Part I Preliminaries
Chapter 1 sets out the empiricist standpoint adopted throughout the volume, providing a critique of rationalist views on linguistics. The points concerning weaknesses with the 'categorical judgment' approach to linguistics exemplified by the work of Chomsky are convincingly made with illustrative examples (section 1.2.1).
Chapter 2 provides a self-contained introduction to the mathematical foundations of the ensuing material. It is divided into two parts, one on probability theory and the other on information theory. The section on probability theory includes the notions of conditional probability, Bayes theorem, random variables (functions that map all the possible outcomes of an event to a probability score), joint and conditional distributions, Bayesian updating (where our statistical expectation estimates are influenced by our prior beliefs about what those expectations should be) and Bayesian decision theory. The section on Information Theory covers Entropy (defined both as the amount of information contained in a random variable and also as a measure of the average amount of information required to describe an outcome of that variable), Mutual Information (the amount of information that one random variable contains about another) and Noisy Channel models (in which the output from a communication channel has a probability of differing from the input to that channel), among others.

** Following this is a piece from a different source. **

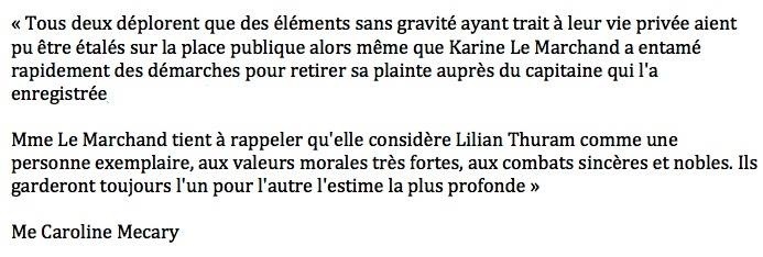 Karine le #Marchand blanchit #Thuram bondamanjak 12 ans ago Bonne nouvelle. Un peu plus de 24 heures après l’annonce publique d’un dépôt de plainte à l’encontre de Lilian #Thuram, Karine le #Marchand signifie clairement que cette plainte a été retiré. Ouf. le bonheur est de nouveau dans le pré.
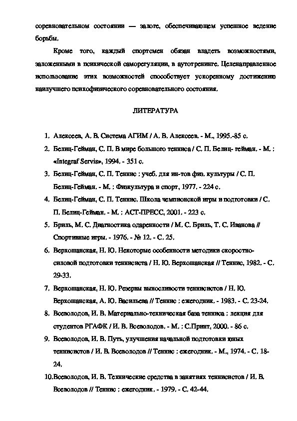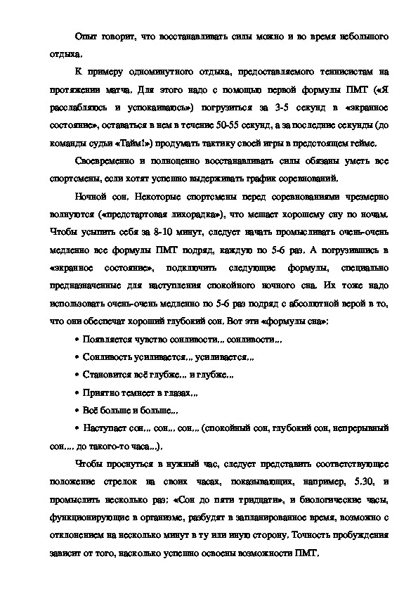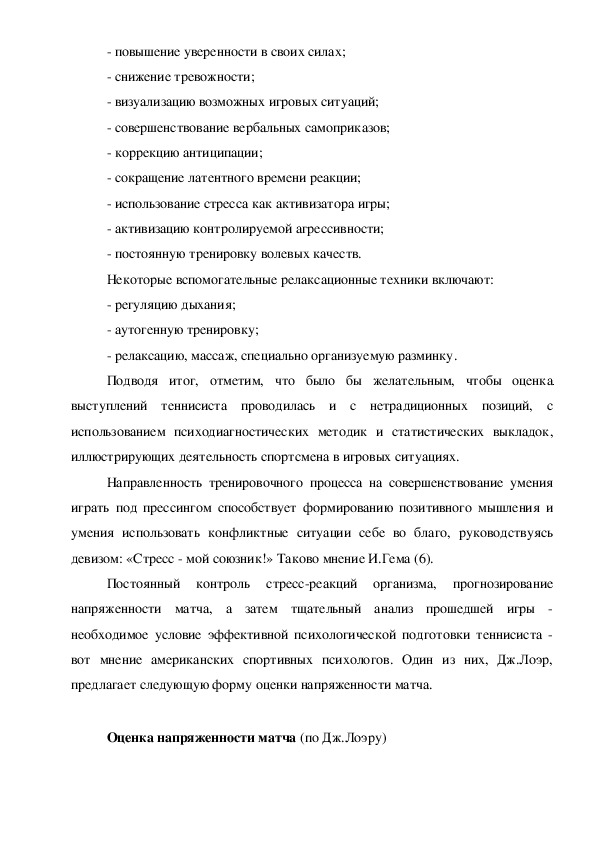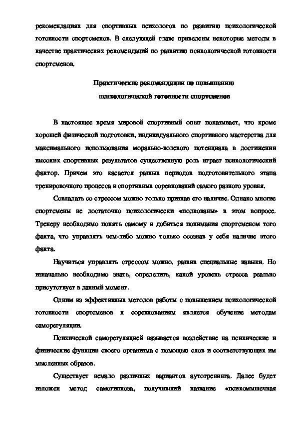психологической коррекции, примеры которых приведены нами в практическихрекомендациях для спортивных психологов по развитию психологической

Chapter 3 provides a self-contained introduction to the linguistic (largely syntactic) theory that will be used in subsequent chapters. Here we have an introduction to parts of speech, phrase structure and brief descriptions of morphology, semantics and pragmatics. The introduction is quite detailed and the authors have not been afraid to present some quite difficult examples (complex NPs and the like). Having said this, there is not much coverage of analyses above the level of the sentence but this is reflective of the field itself. In combination with chapter 2, a basic statistical and linguistic toolkit has been formed upon which the ensuing approaches will depend. Later chapters do introduce further statistical methods, but it is to chapters 2 and 3 that the reader will return for the fundamentals. Chapter 4 introduces the notion of corpus-based work and provides an overview of the low level formatting issues that must be addressed when using documents as an information source for further processing (section 4.2). This chapter usefully provides details about organisations that can be contacted in order to obtain these crucial resources (table 4.1). There is also discussion of the SGML encoding that is important for much current work (section 4.3).
Part II Words
Chapter 5 examines collocations and simple term extraction using Mutual Information (2.2.3) methods. There is some brief discussion of proper name recognition (sections 5.5 and 5.6), but a failure to highlight the particular problems associated with that subject. For instance the Named Entity Recognition task that has challenged participants in the MUC conferences is not mentioned, nor any of the approaches taken to address the problem (Mikheev, Grover & Moens 1998). This chapter also covers the notions of hypothesis testing and significance (section 5.3).
Chapter 6 concerns statistical inference and the application of probabilistic approaches to language modeling. This is a stochastic method where our expectation of seeing some word or category in a text is based only on the information we have about the preceding n words (section 6.1). The chapter also covers a variety of statistical estimation methods over those models (section 6.2) and the process of smoothing (sections 6.2 and 6.3) which lets us apply statistical methods in the face of sparse data.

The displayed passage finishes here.